**What is required**
Find the line with "Voor de bebouwing" and the line with "Prachtig plastic tafelkleed" in the entries below; output exactly those two lines, every line between them, and no others.

*** Opening Given records ***

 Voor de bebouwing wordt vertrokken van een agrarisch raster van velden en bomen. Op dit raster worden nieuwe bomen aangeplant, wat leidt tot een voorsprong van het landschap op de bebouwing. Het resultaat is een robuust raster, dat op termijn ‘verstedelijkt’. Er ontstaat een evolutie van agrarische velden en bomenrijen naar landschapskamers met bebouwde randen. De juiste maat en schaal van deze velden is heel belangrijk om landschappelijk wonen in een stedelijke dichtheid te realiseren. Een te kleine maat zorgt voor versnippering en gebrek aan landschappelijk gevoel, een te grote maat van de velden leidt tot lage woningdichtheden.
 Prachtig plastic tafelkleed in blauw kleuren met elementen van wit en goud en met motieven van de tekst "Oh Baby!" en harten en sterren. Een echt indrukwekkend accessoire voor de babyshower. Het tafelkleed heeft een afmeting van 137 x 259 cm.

*** Closing Given records ***
*** Opening Given records ***

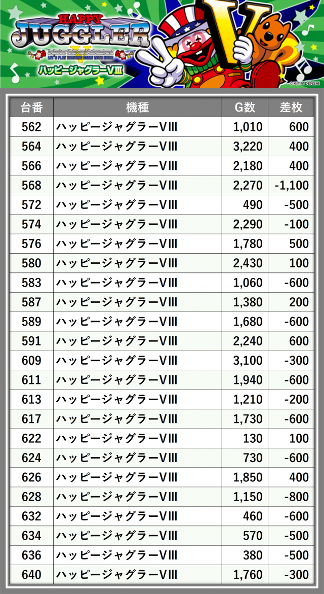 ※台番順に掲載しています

*** Closing Given records ***

**Solution to the problem**
 Voor de bebouwing wordt vertrokken van een agrarisch raster van velden en bomen. Op dit raster worden nieuwe bomen aangeplant, wat leidt tot een voorsprong van het landschap op de bebouwing. Het resultaat is een robuust raster, dat op termijn ‘verstedelijkt’. Er ontstaat een evolutie van agrarische velden en bomenrijen naar landschapskamers met bebouwde randen. De juiste maat en schaal van deze velden is heel belangrijk om landschappelijk wonen in een stedelijke dichtheid te realiseren. Een te kleine maat zorgt voor versnippering en gebrek aan landschappelijk gevoel, een te grote maat van de velden leidt tot lage woningdichtheden.
 Prachtig plastic tafelkleed in blauw kleuren met elementen van wit en goud en met motieven van de tekst "Oh Baby!" en harten en sterren. Een echt indrukwekkend accessoire voor de babyshower. Het tafelkleed heeft een afmeting van 137 x 259 cm.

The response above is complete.